How clinical features are presented matters to weaker diagnosticians
Bibliographic record
Abstract
OBJECTIVES: This study aimed to test the extent to which the use of medicalese (i.e. formal medical terminology and semantic qualifiers) alters the test performance of medical graduates; to tease apart the extent to which any observed differences are driven by language difficulties versus differences in medical knowledge; and to assess the impact of varying the language used to present clinical features on the ability of the test to consistently discriminate between candidates. METHODS: Six clinical cases were manipulated in the context of pilot items on the Canadian national qualifying examination. Features indicative of two diagnoses were presented uniformly in lay terms, medical terminology and semantic qualifiers, respectively, and in mixed combinations (e.g. features of one diagnosis were presented using lay terminology and features of the other using medicalese). The rate at which the indicated diagnoses were named was considered as a function of language used, site of training, birthplace and medical knowledge (as measured by overall performance on the examination).

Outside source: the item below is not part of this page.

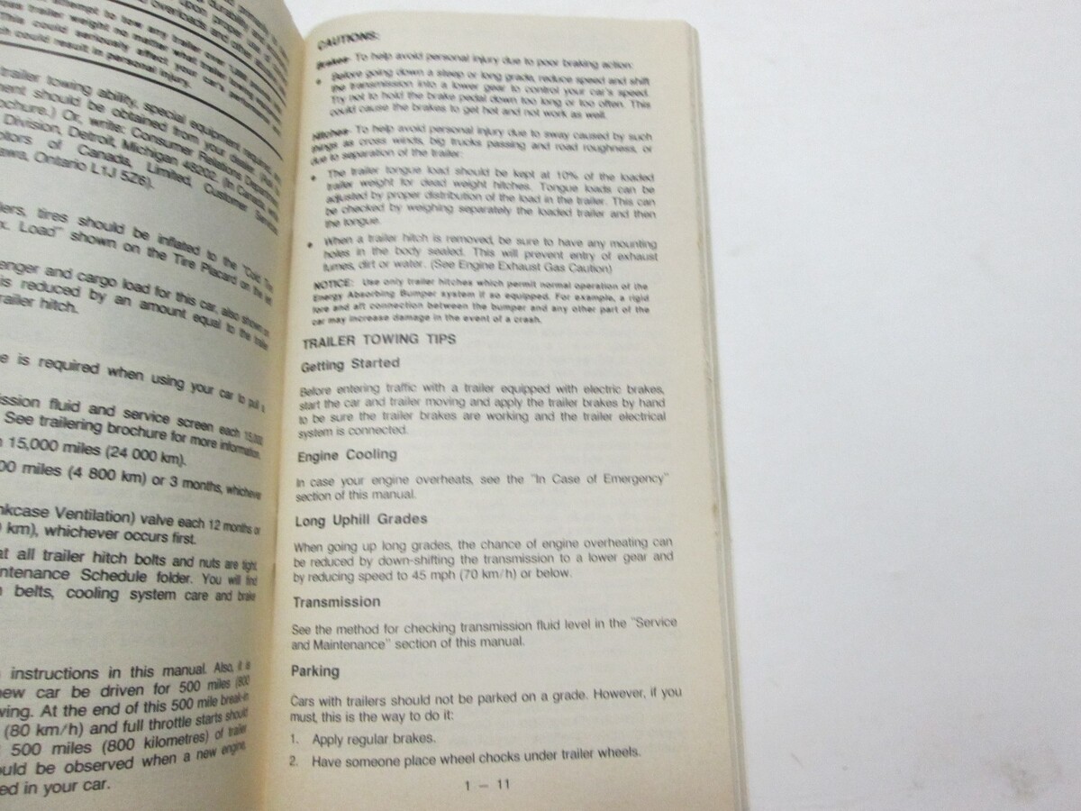 1982 Chevrolet Monte Carlo Proprietari Manuale Operativo Sicurezza Acqua Damaged

RESULTS: In the mixed conditions, Canadian medical graduates were not influenced by the language used to present the cases, whereas international medical graduates (IMGs) were more likely to favour the diagnosis associated with medical terminology relative to that associated with lay terms. This was true regardless of whether the entire sample or only North American-born candidates were considered. Within the IMG cohort, high performers were not influenced by the language manipulation, whereas low performers were. Uniform use of lay terminology resulted in the highest test reliability compared with the other experimental conditions. CONCLUSIONS: The results indicate that the influence of medical terminology is driven more by substandard medical knowledge than by the language issues that challenge some candidates. Implications for both the assessment and education of medical professionals are discussed.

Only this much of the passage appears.